Opinion  Jeux olympiques

Dans la tête des athlètes

Ce texte est le second d’une série écrite par l’athlète olympien Maxime Boilard, participant aux épreuves de canoë en 2000 à Sydney, qui veut faire partager sa perspective personnelle sur l’olympisme et la performance.

Les entrevues dans les minutes qui suivent une performance aux Jeux olympiques sont une fenêtre privilégiée sur le monde intérieur de l’athlète. Intense et sans filtre. Les larmes. Le souffle. Le regard. Le sourire. L’absence de regard. La sueur. On se sent un peu voyeur, mais il faut passer outre ce malaise.

Cette semaine, on a eu droit à plusieurs exemples qui nous ont permis de comprendre davantage ce qui peut se passer dans la tête d’un athlète, alors qu’une performance de quelques minutes vient clore quatre ans d’efforts. 

Pensons à Rob Gibson, cet athlète qui a perdu sa prise sur sa rame en éliminatoire dans le quatre de couple à l’aviron, alors que son équipe avait une chance de passer directement en finale. En repêchage, son équipe vient de se faire battre. Maintenant, il est seul devant la caméra, à bout de souffle. La journaliste de CBC fait son travail. Elle lui demande de revenir sur la course. Il lui répond : « On n’a pas été capable de rester avec les meilleurs ». Elle le relance : « Tu sais, l’épisode de la rame, les gens vont dire que c’est là que l’occasion d’aller en finale a été manquée ». Il lui dit : « Je prends la responsabilité pour celle-là et je sens que j’ai laissé tomber mes équipiers ».

Il arrête et on se demande s’il ne va pas s’effondrer en pleurs. Il tremble seul devant la caméra… Cette entrevue, il ne l’a certainement pas échappée. Chapeau.

Songeons ensuite à Antoine Valois-Fortier. Tel un judoka allant à son prochain combat, il est allé se placer pour son entrevue même s’il était encore sonné par l’émotion de la défaite.

On comprend en très peu de mots, entre deux sanglots, que sa défaite contre le Russe lui faisant perdre la possibilité de gagner l’or lui a fait très mal.

Il n’a pas su retourner dans sa zone, se recentrer, pour gagner son repêchage et ensuite se donner une chance pour le bronze. En regardant l’entrevue, on déduit qu’une très grande partie de lui allait à Rio pour l’or et seulement l’or. Quand l’autre partie de lui dit : « Viens-t’en Antoine, on s’en va faire un match de repêchage », il y a déjà un combat interne coûtant cher en énergie qui s’opère. Il est trop tard.

MOMENTS ÉMOUVANTS

L’équipe de rugby féminine est en mission à Rio.
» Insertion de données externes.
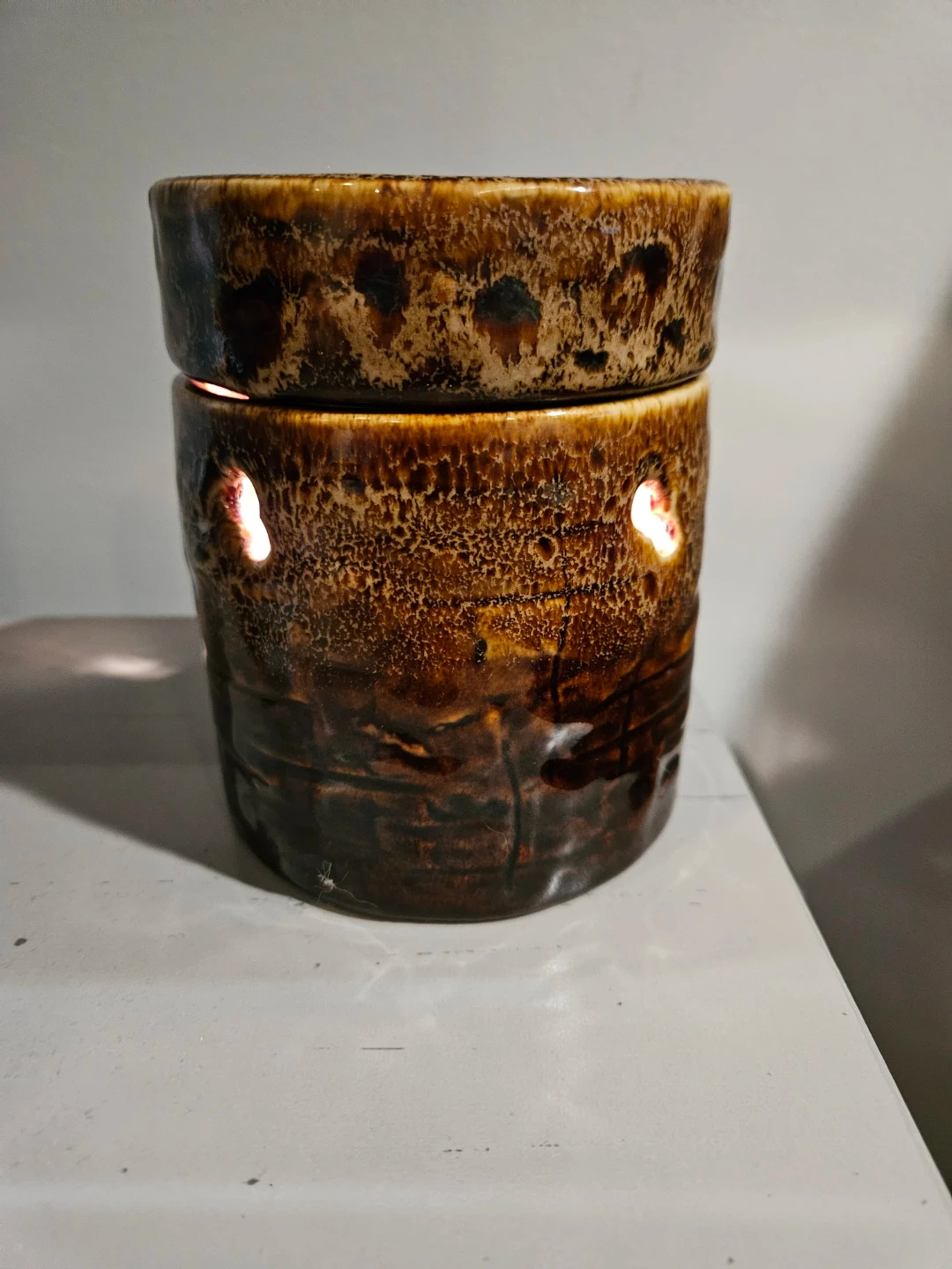 This ceramic wax melt warmer features a unique mottled brown glaze. It's designed with cut-out accents that allow light to shine through. The top dish holds your favourite wax melts.
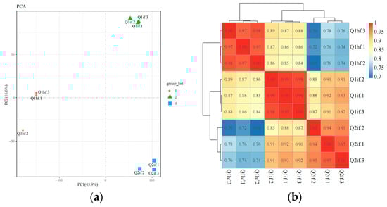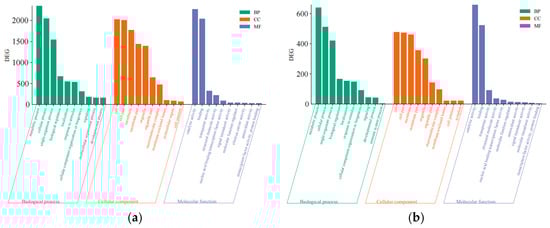 GO enrichment analysis diagram. (a) Histogram showing functional enrichment analysis of the Q1if–Q1hf group; (b) histogram showing functional enrichment analysis of the Q1if–Q2if group.

C’est la première fois que le rugby à sept est aux Jeux olympiques. Encore plus important, c’est l’histoire de femmes qui pratiquent un sport redoutablement robuste. Un groupe de pionnières qui portent un message pour les jeunes filles. 

Après le match pour la médaille de bronze, remportée par les Canadiennes, on demande en entrevue à Karen Paquin : « Comment tu te sens avec une médaille au cou après être déménagée à Victoria, les sacrifices ? » Le genre de question olympique typique… Elle affiche le plus large sourire et complète sa réponse avec un : « J’espère qu’il y a plein de jeunes filles qui ont regardé les matchs […] et qui vont prendre une balle ovale et dire : c’est à ça que je veux jouer. » On sent la conviction que nos jeunes filles doivent ramasser le ballon et foncer plutôt que d’attendre une invitation d’embarquer sur le terrain.

Voici ensuite la nageuse Audrey Lacroix, une vraie bouffée d’air frais, tout sourire après sa demi-finale. Une question bien placée et sa complicité avec l’intervieweuse l’amènent à nous annoncer qu’elle vient de faire sa dernière course. Les larmes de joie. Boom ! L’annonce est faite. Comme ça peut être simple d’annoncer sa retraite quand on est en paix avec son parcours et avec soi-même ! Audrey travaille son bien-être au-delà du résultat depuis longtemps. Trop d’athlètes pensent que pour être bien, il faut obtenir ses meilleurs résultats.

Ces entrevues à chaud sont le moment où l’athlète, tel un artiste, dévoile sa vulnérabilité dans le rapport qu’il entretien avec son œuvre alors qu’on a la chance d’être aux premières loges.